CourtOhio Court of Appeals
DecidedMay 22, 2003
DocketNo. 02AP-963 (REGULAR CALENDAR)
StatusUnpublished

This text of State v. City of Columbus, Unpublished Decision (5-22-2003) (State v. City of Columbus, Unpublished Decision (5-22-2003)) is published on Counsel Stack Legal Research, covering Ohio Court of Appeals primary law. Counsel Stack provides free access to over 12 million legal documents including statutes, case law, regulations, and constitutions.

Bluebook
State v. City of Columbus, Unpublished Decision (5-22-2003), (Ohio Ct. App. 2003).

Opinion

OPINION
{¶ 1} Intervenors-appellants, Sierra Club, Nancy M. Heath and Pat Marida, appeal from a decision of the Franklin County Court of Common Pleas denying their motion to intervene in this matter. Because appellants have not shown that the trial court abused its discretion, we affirm that decision.

{¶ 2} By letter dated March 28, 2002, appellants notified defendant-appellee, the city of Columbus ("the city"), and plaintiff-appellee, the Attorney General of the State of Ohio ("the state"), of their intent to bring a federal lawsuit against the city pursuant to the federal Clean Water Act. See Section 1365, Title 33, U.S.Code. Appellants informed the city and the state that they would file a lawsuit if the city did not stop illegal overflows of raw sewage from its sanitary sewage system into the waters of the state or did not commit to do so by a date certain. However, appellants could not file their suit until 60 days after the date of their notice of the alleged violations. Id. at Section 1365(b)(1)(A).

{¶ 3} Shortly before the 60-day waiting period would have run under federal law, the state sued the city to enforce water pollution control laws found in R.C. Chapter 6111. The state contended that the city violated these laws and the city's permits by discharging sewage, industrial waste, and/or other waste into the waters of the state, and by failing to report these discharges. A proposed consent order between the city and the state was filed with the complaint, which, if approved by the trial court, would resolve the matter. In the proposed consent order, the city agreed, among other things, to take steps to stop further unauthorized discharges from its sewer system, to develop and implement programs to address the needs of its sewer system, and to protect public health and the environment in case of future overflows. The city was assessed a $250,000 penalty. The city also agreed to further monetary penalties should future overflows occur. In accordance with the federal Clean Water Act, the state gave public notice of the proposed consent order and allowed 30 days for public comment. Section 123.27(d)(2)(iii), Title 40, C.F.R. The state asserts that a copy of the proposed consent order was faxed to appellants' lawyers on May 24, 2002. Appellants contend that they submitted comments to the proposed consent order to which the city or the state failed to respond.

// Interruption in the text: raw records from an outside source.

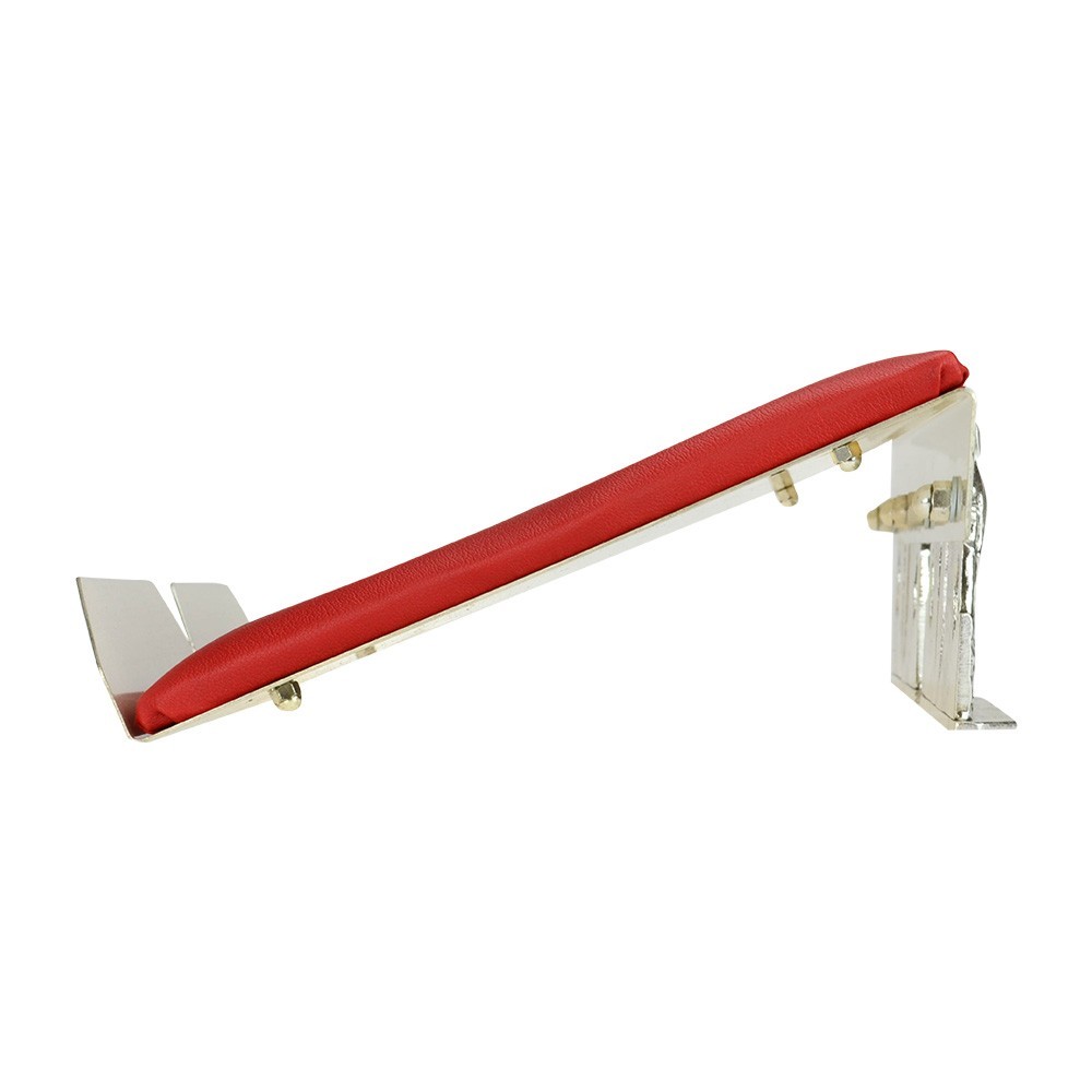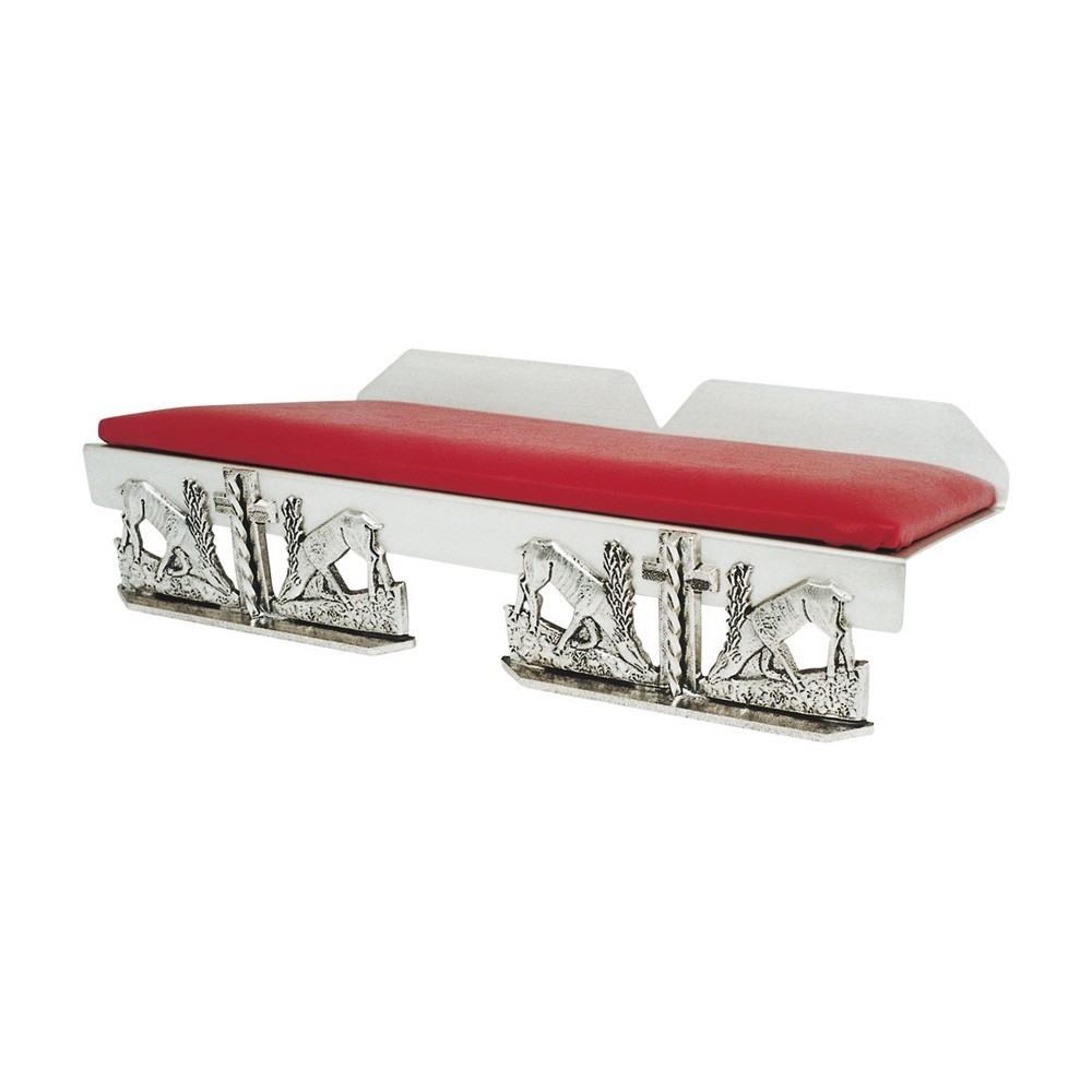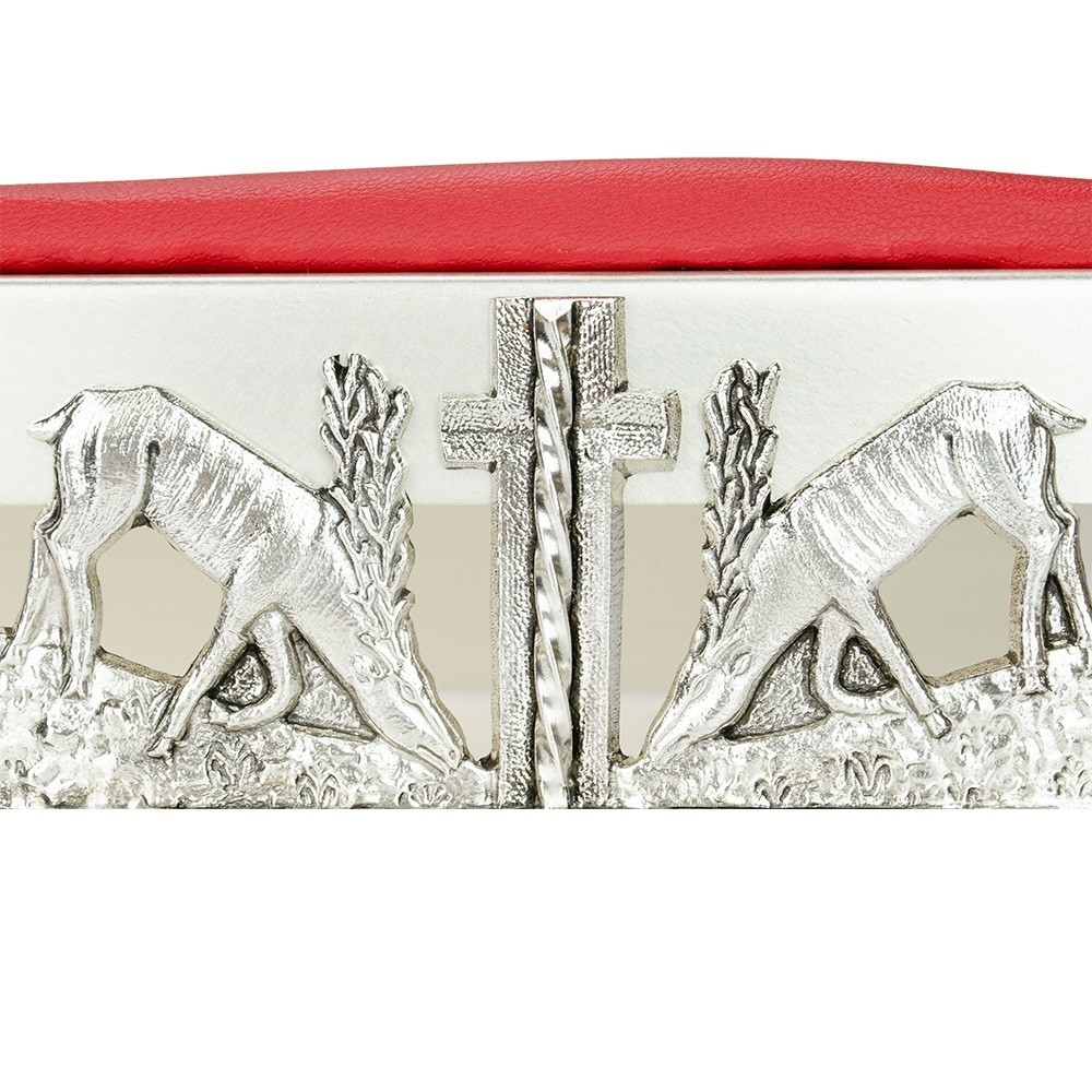 Leggio da tavolo, arredo sacro realizzato interamebte in ottone e decorato con la rappresentazione simbolica di cervi che bevono alla fonte. Questo leggio da chiesa è completo di un elegante cuscino rossso in semilpelle.
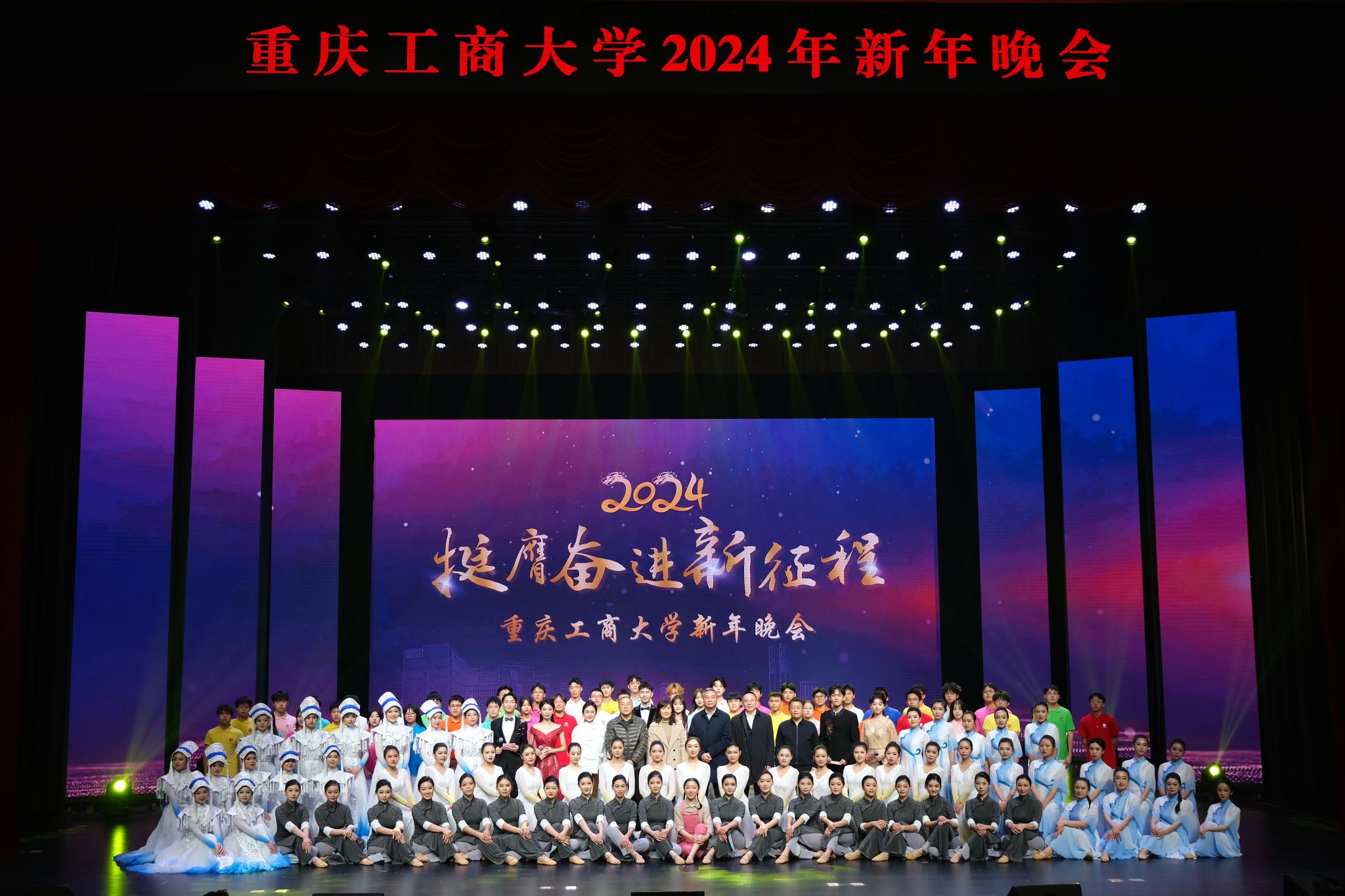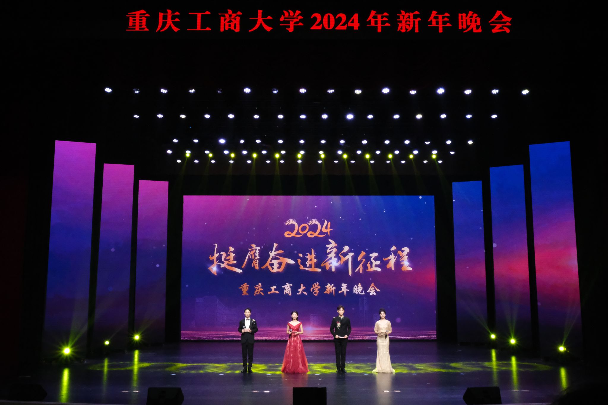 12月11日晚,“挺膺奋进新征程”开元电竞(中国)官方网站2024年新年晚会在我校剧场隆重举行。校长温涛,党委常委、副校长李国军,党委常委、纪委书记、重庆市监委驻学校监察专员张海燕,党委常委、宣传部部长华杰,党委常委、统战部常务副部长陈松,教务处处长骆东奇,校团委书记吴佑波,校团委副书记胡婧婷,与全校近千名师生代表欢聚一堂,齐享视听盛宴。本次新年晚会汇聚歌曲、戏剧、舞蹈、朗诵等艺术形式,多个重庆市第七届大学生艺术展演活动一等奖节目登台演出,是我校美育教学成果的集中演示,美育育人成效显著。同时,校团委官方微博对晚会进行全程线上直播,师生、校友、学生家长在线观看人数达2.2万人,重工商大人线上线下欢聚一堂,共同启航新年。
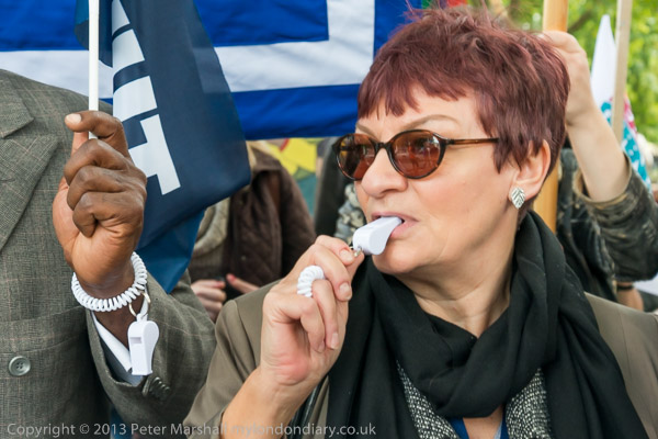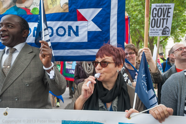 Christine Blower, NUT General Secretary, blows her whistle
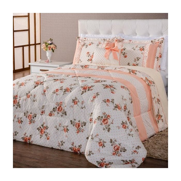 Kit Edredom com Almofada Alice Floral Salmão Queen 07 Peças
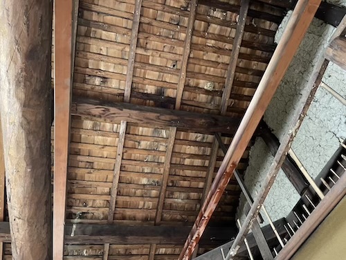 強い日差しのなか、大屋根(2階上)の葺き替え工事が行われました。
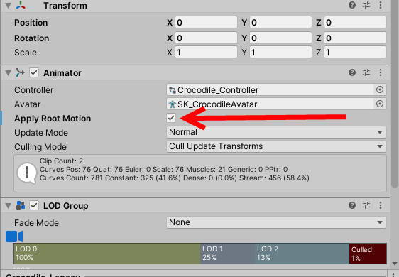 루트 모션(root motion)은 애니메이션에 존재하는 root transform의 모션이 게임오브젝트의 위치(transform position)와 회전(transform rotation)을 제어한다.
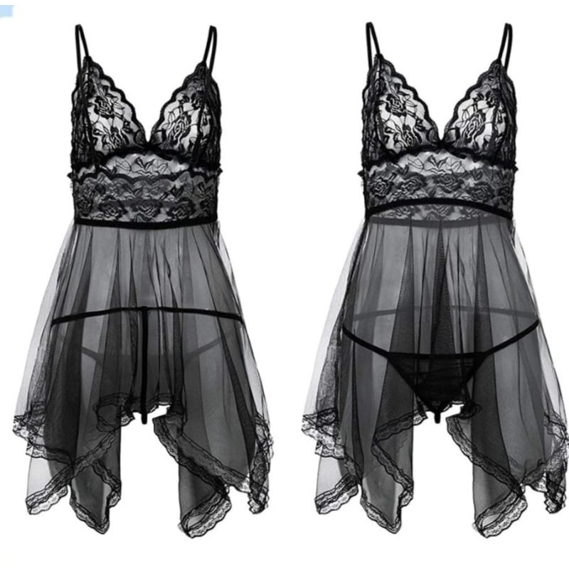 UNNY.ID Baju Tidur Wanita Import Model Terawang Renda Lingerie Pakaian Sexy
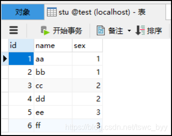 INSERT INTO `stu` VALUES ('1', 'aa', '1');
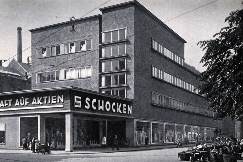 Am 11. Oktober 1926 wurde mit dem Kaufhaus Schocken das erste Kaufhaus in Nürnberg eröffnet. Der Name geht auf die ehemaligen Eigentümer Salman und Simon Schocken zurück. Diese mussten ihren Kaufhauskonzern 1938 zwangsverkaufen, 1939 wurde aus der Schocken AG die Merkur AG und das Kaufhaus in Merkur umbenannt.

{¶ 4} On July 29, 2002, after the 30-day public comment period ended and after public comments were reviewed and considered, the city and the state filed a joint motion to enter the proposed consent order. On August 1, 2002, the trial court signed and journalized the proposed consent order and terminated the case. Five days later, on August 6, 2002, appellants filed a motion to intervene in the case pursuant to Civ.R. 24(A) and (B). However, because the case had been terminated, the trial court found appellants' motion to be moot and denied the motion to intervene.

{¶ 5} Appellants timely appeal, assigning the following errors:

{¶ 6} "1. The trial court erred in overruling the motion to intervene.

{¶ 7} "2. The trial court erred in adopting the consent decree without permitting or requiring any hearing on the issue of the adequacy of the consent decree for purposes of protecting the public interest or of complying with the state and federal Clean Water Acts."

{¶ 8} Appellants contend in their first assignment of error that the trial court erred in denying their motion to intervene. Appellants sought intervention as of right pursuant to Civ.R. 24(A)(2), as well as permissive intervention pursuant to Civ.R. 24(B)(1).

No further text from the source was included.